----- DATA SECTION

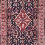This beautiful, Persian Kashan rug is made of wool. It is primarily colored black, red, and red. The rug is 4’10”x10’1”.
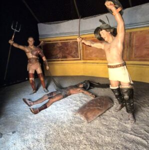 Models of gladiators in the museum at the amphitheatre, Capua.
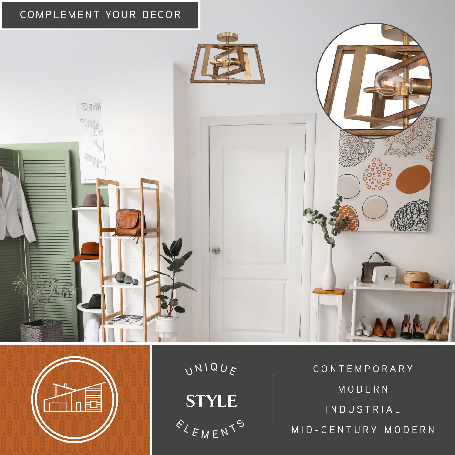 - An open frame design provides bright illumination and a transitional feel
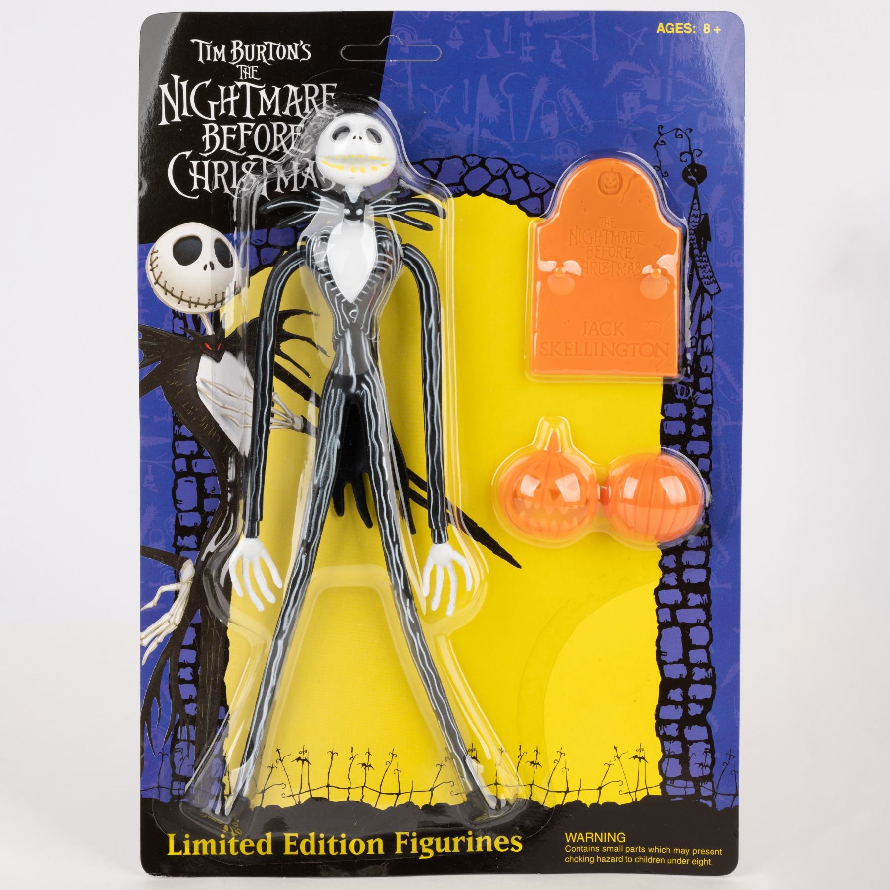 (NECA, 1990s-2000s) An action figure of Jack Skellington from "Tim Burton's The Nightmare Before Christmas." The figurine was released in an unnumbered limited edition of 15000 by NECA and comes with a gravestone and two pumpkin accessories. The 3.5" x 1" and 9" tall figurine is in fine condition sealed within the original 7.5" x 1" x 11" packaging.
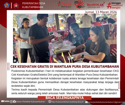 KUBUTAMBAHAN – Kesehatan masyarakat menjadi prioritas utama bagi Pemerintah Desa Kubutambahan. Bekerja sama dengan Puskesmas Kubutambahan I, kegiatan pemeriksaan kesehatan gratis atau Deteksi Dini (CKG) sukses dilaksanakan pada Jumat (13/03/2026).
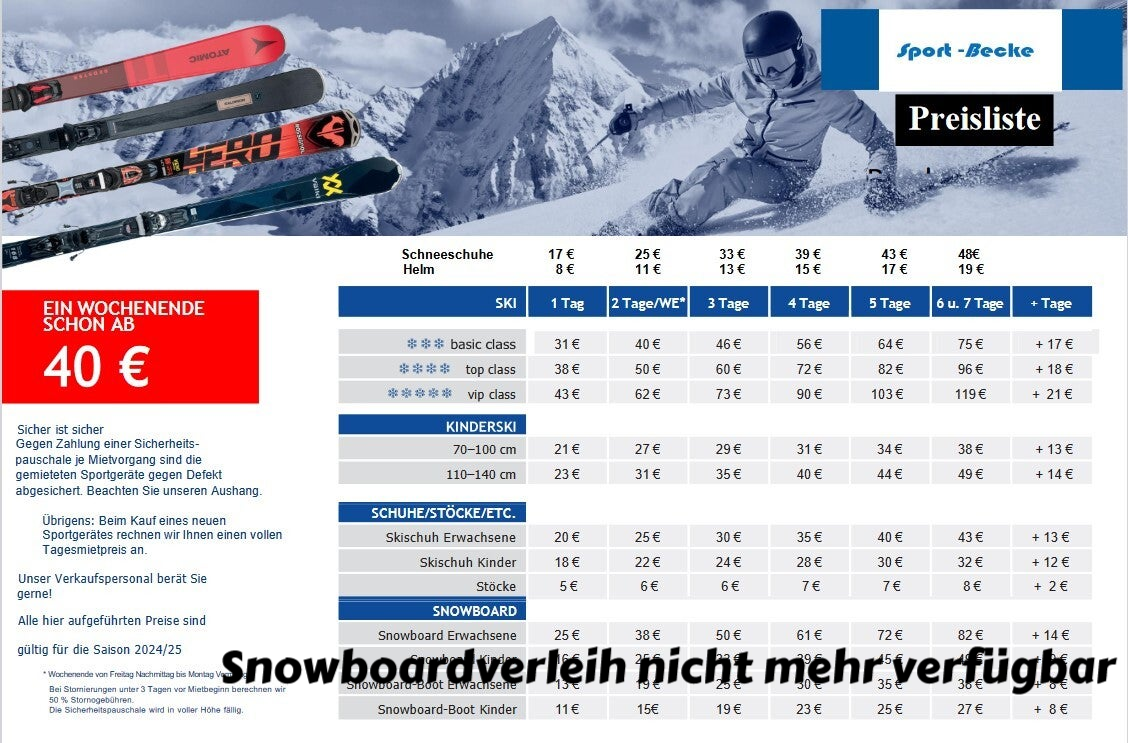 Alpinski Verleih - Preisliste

----------

Set down again, exactly, every line above from the one with "Models of gladiators" down to the one with "- An open frame", both ends included. No pictures, and nothing else.

_THE ANSWER_:
 Models of gladiators in the museum at the amphitheatre, Capua.
 - An open frame design provides bright illumination and a transitional feel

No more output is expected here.